-- Opening Marker --

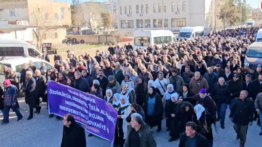 Di demekê de ku li navçeya Nisêbînê ya bajarê Mêrdînê nobedariya li dijî êrîşên li ser Rojavayê Kurdistanê berdewam dike, serê sibê bi hezaran kes li ber goristana Hecace ya li ser sînorê Qamîşloyê kom bûn. Girseya ku di nav wan de Hevserokê Partiya Wekhevî û Demokrasiyê ya Gelan (DEM Partî) Tuncer Bakırhan û Hevseroka Partiya Herêmên Demokratîk (DBP) Çigdem Kiliçgun Uçar jî hebûn, bi qîrîna dirûşmeyên wekî “Rojava Rojhilat e, Kurdistan yek welat e”, “Bijî berxwedana Rojava” û “Bijî berxwedana gelê Kurd” meşiyan. Di tevahiya meşê de, girseyê gelek caran stranên hevgirtinê bi gelê Rojava re digotin û meş di kolanên Nisêbînê de berdewam kir û gihîşt Kolana navçeya Midyatê.
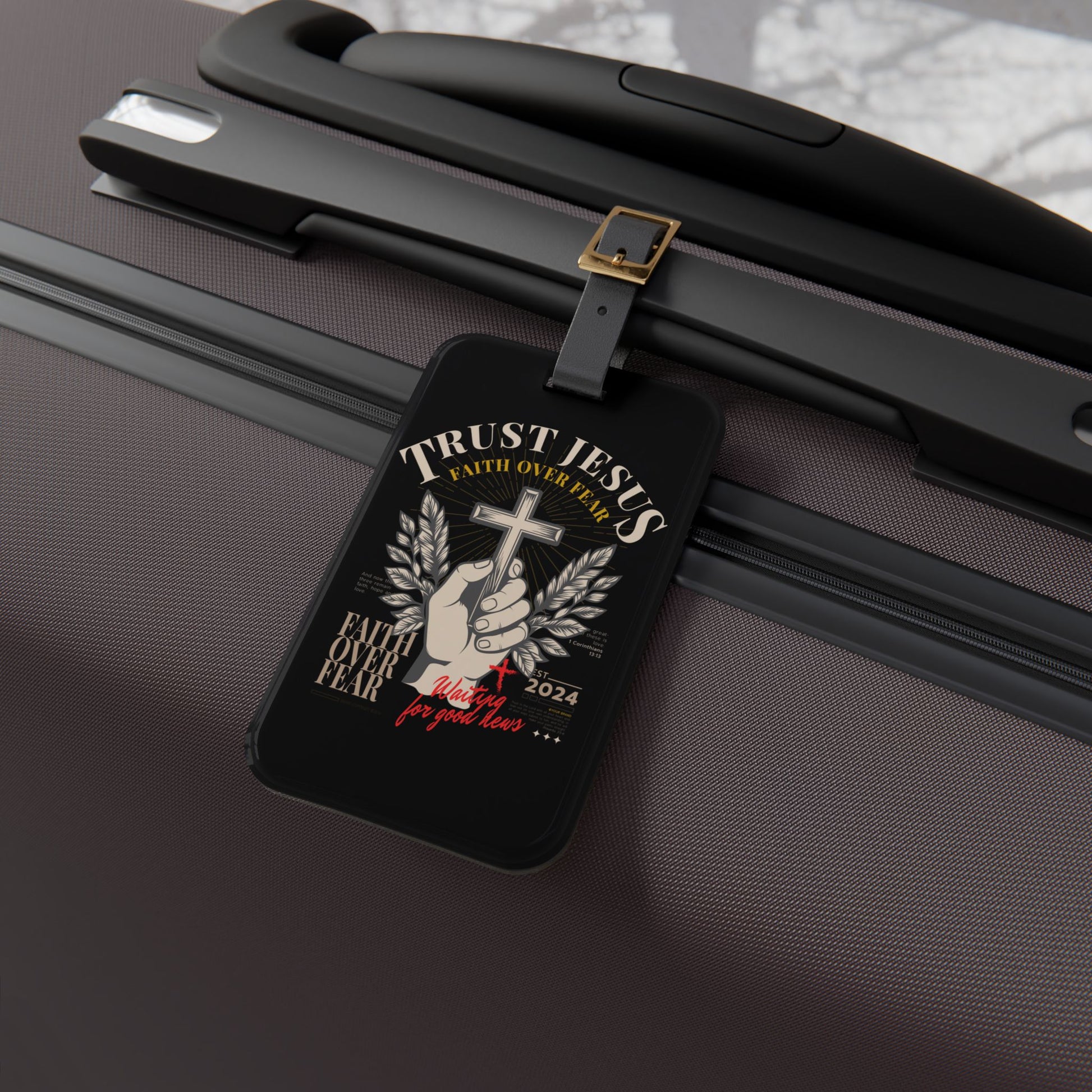 Faith Over Fear Trust Jesus Luggage Tag | Faith-Based Christian Baggage ID | Streetwear Jesus Art Travel Accessory | Unique Christian Gifts
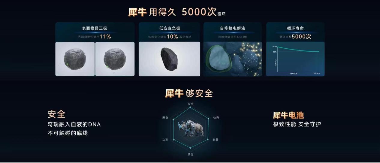 本次活动的核心主角,正是奇瑞全新打造的犀牛电池系列,该系列并非单一产品,而是针对不同使用场景,推出犀牛H(混动专用)、犀牛E(纯电专用)、犀牛S(固态专用) 三大产品线,全面覆盖混动、纯电、下一代固态电池车型的多元化需求。
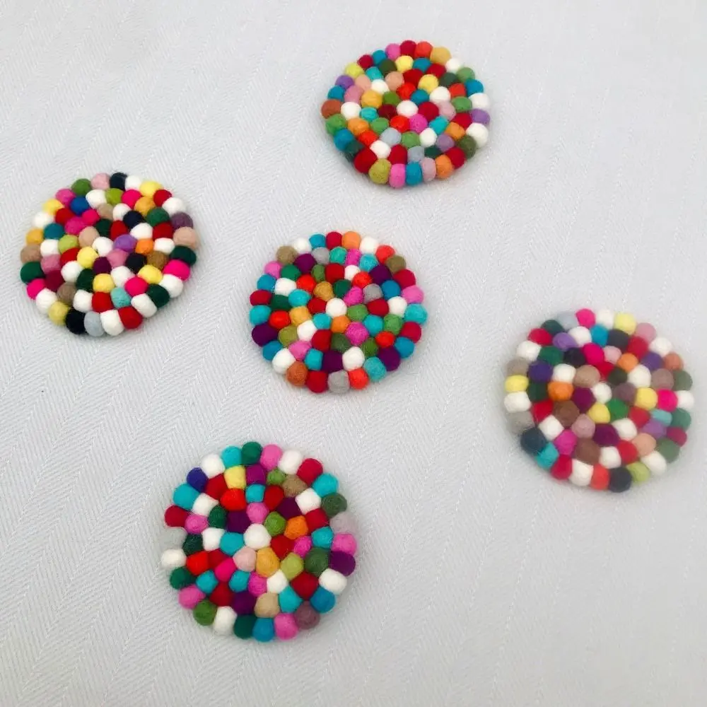 5 pcs Wool Felt Round Felt Ball Coasters Colorful 4 Inches Felt Coaster Pads Rotundity Round Wool Insulation Pad Table

-- Closing Marker --

What needs to be done> The response must restate each line of the material above exactly and contain no images.

Result below>
 Di demekê de ku li navçeya Nisêbînê ya bajarê Mêrdînê nobedariya li dijî êrîşên li ser Rojavayê Kurdistanê berdewam dike, serê sibê bi hezaran kes li ber goristana Hecace ya li ser sînorê Qamîşloyê kom bûn. Girseya ku di nav wan de Hevserokê Partiya Wekhevî û Demokrasiyê ya Gelan (DEM Partî) Tuncer Bakırhan û Hevseroka Partiya Herêmên Demokratîk (DBP) Çigdem Kiliçgun Uçar jî hebûn, bi qîrîna dirûşmeyên wekî “Rojava Rojhilat e, Kurdistan yek welat e”, “Bijî berxwedana Rojava” û “Bijî berxwedana gelê Kurd” meşiyan. Di tevahiya meşê de, girseyê gelek caran stranên hevgirtinê bi gelê Rojava re digotin û meş di kolanên Nisêbînê de berdewam kir û gihîşt Kolana navçeya Midyatê.
 Faith Over Fear Trust Jesus Luggage Tag | Faith-Based Christian Baggage ID | Streetwear Jesus Art Travel Accessory | Unique Christian Gifts
 本次活动的核心主角,正是奇瑞全新打造的犀牛电池系列,该系列并非单一产品,而是针对不同使用场景,推出犀牛H(混动专用)、犀牛E(纯电专用)、犀牛S(固态专用) 三大产品线,全面覆盖混动、纯电、下一代固态电池车型的多元化需求。
 5 pcs Wool Felt Round Felt Ball Coasters Colorful 4 Inches Felt Coaster Pads Rotundity Round Wool Insulation Pad Table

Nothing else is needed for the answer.